**TASK REQUIREMENTS**
Nothing but the lines below from the one holding "昨年7月頭に19粒種まきし、9月頭にヒョロヒョロと発芽したシクラメン。" up to and including the one holding "I Imageshop kan" should be copied, exactly and without pictures.

**INFORMATION PROVIDED**
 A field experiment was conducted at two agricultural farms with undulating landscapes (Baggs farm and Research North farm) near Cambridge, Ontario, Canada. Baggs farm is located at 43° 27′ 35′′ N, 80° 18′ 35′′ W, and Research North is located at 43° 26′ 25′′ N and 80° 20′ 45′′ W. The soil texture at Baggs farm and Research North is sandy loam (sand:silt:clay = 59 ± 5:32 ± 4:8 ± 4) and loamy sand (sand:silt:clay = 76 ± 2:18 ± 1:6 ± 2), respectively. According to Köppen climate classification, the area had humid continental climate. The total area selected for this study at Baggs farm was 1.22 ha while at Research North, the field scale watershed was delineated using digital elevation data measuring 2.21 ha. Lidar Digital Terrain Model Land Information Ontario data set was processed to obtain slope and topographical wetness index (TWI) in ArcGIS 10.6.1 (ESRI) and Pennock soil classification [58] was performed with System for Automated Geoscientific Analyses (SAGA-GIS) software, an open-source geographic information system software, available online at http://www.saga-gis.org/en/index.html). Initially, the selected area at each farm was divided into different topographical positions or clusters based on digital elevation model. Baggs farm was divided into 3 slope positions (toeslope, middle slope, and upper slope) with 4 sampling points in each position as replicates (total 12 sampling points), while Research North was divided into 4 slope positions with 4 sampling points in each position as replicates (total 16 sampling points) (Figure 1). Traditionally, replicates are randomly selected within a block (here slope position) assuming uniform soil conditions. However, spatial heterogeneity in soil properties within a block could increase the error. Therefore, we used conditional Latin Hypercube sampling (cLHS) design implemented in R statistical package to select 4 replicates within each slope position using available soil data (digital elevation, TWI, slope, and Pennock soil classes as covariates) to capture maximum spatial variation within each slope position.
---
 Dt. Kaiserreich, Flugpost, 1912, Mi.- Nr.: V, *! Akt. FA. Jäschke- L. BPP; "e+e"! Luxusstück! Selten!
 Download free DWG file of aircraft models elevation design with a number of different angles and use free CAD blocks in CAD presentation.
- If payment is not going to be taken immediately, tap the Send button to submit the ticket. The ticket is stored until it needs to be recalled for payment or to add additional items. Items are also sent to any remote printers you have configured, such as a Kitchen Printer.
* * *
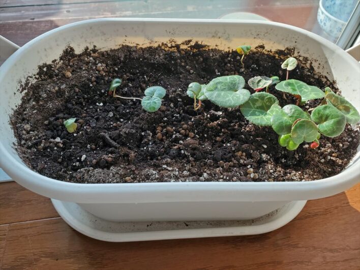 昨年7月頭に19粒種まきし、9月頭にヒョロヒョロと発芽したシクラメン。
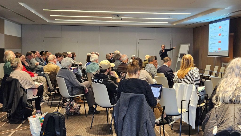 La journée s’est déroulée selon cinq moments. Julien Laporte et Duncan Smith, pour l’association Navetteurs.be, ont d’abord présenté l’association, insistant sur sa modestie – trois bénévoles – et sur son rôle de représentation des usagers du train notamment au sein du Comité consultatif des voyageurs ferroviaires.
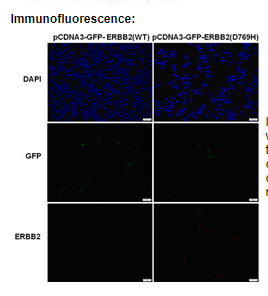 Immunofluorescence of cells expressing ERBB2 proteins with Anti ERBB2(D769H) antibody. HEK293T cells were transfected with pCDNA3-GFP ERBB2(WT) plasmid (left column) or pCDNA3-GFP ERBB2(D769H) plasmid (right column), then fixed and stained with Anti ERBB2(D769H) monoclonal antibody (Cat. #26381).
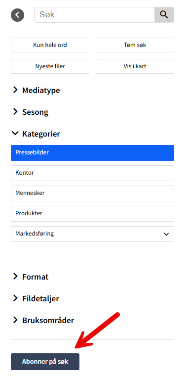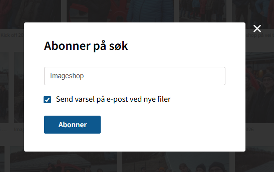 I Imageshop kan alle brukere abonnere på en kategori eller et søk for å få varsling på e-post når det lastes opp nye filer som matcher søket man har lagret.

**ANSWER SECTION**
 昨年7月頭に19粒種まきし、9月頭にヒョロヒョロと発芽したシクラメン。
 La journée s’est déroulée selon cinq moments. Julien Laporte et Duncan Smith, pour l’association Navetteurs.be, ont d’abord présenté l’association, insistant sur sa modestie – trois bénévoles – et sur son rôle de représentation des usagers du train notamment au sein du Comité consultatif des voyageurs ferroviaires.
 Immunofluorescence of cells expressing ERBB2 proteins with Anti ERBB2(D769H) antibody. HEK293T cells were transfected with pCDNA3-GFP ERBB2(WT) plasmid (left column) or pCDNA3-GFP ERBB2(D769H) plasmid (right column), then fixed and stained with Anti ERBB2(D769H) monoclonal antibody (Cat. #26381).
 I Imageshop kan alle brukere abonnere på en kategori eller et søk for å få varsling på e-post når det lastes opp nye filer som matcher søket man har lagret.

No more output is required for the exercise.